§ What is needed
Without any pictures, copy the records below once more, exactly as they are.

····················

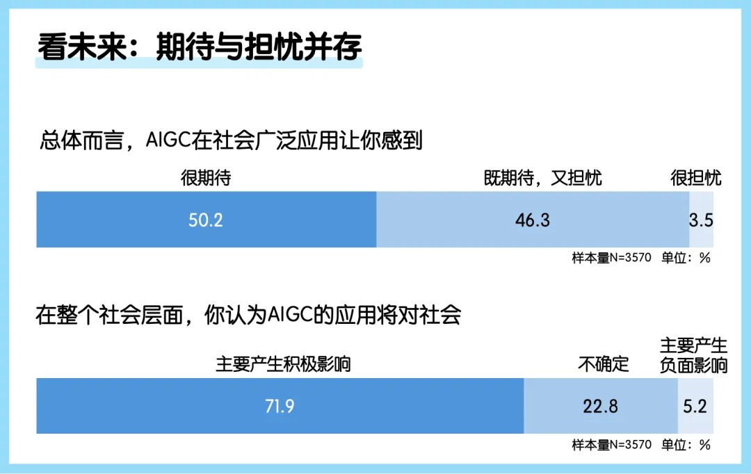 而在这种广泛参与背后,是一种相对复杂,且充满张力的心态:人们既对技术造就的社会进步抱有很高的期望,又对就业前景、信息环境的真实性以及社会公平等问题,表现出深层焦虑。
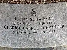 Schwinger died of pancreatic cancer. He is buried at Mount Auburn Cemetery; , where is the fine structure constant, is engraved above his name on his tombstone. These symbols refer to his calculation of the correction ("anomalous") to the magnetic moment of the electron.
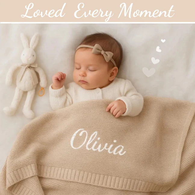 Embroidered Name Knit Baby Blanket, Custom Baby Name Blanket
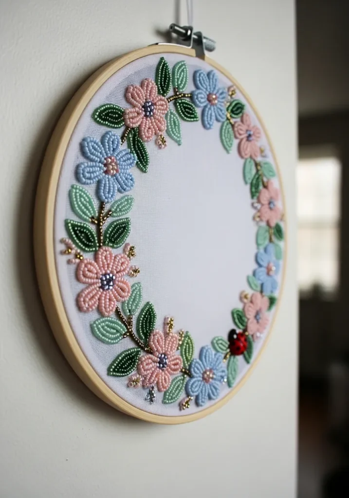 • Pastel Floral Wreath Bead Embroidery Hoop
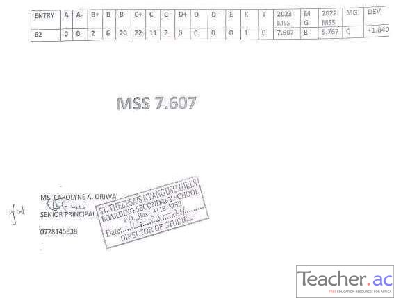 St. Theresa's Nyangusu Girls Secondary School KCSE Results Analysis 2023 St. Theresa’s Nyangusu Girls Secondary School 2023 KCSE Results Analysis/caption]

····················

§ Exercise answer
 而在这种广泛参与背后,是一种相对复杂,且充满张力的心态:人们既对技术造就的社会进步抱有很高的期望,又对就业前景、信息环境的真实性以及社会公平等问题,表现出深层焦虑。
 Schwinger died of pancreatic cancer. He is buried at Mount Auburn Cemetery; , where is the fine structure constant, is engraved above his name on his tombstone. These symbols refer to his calculation of the correction ("anomalous") to the magnetic moment of the electron.
 Embroidered Name Knit Baby Blanket, Custom Baby Name Blanket
 • Pastel Floral Wreath Bead Embroidery Hoop
 St. Theresa's Nyangusu Girls Secondary School KCSE Results Analysis 2023 St. Theresa’s Nyangusu Girls Secondary School 2023 KCSE Results Analysis/caption]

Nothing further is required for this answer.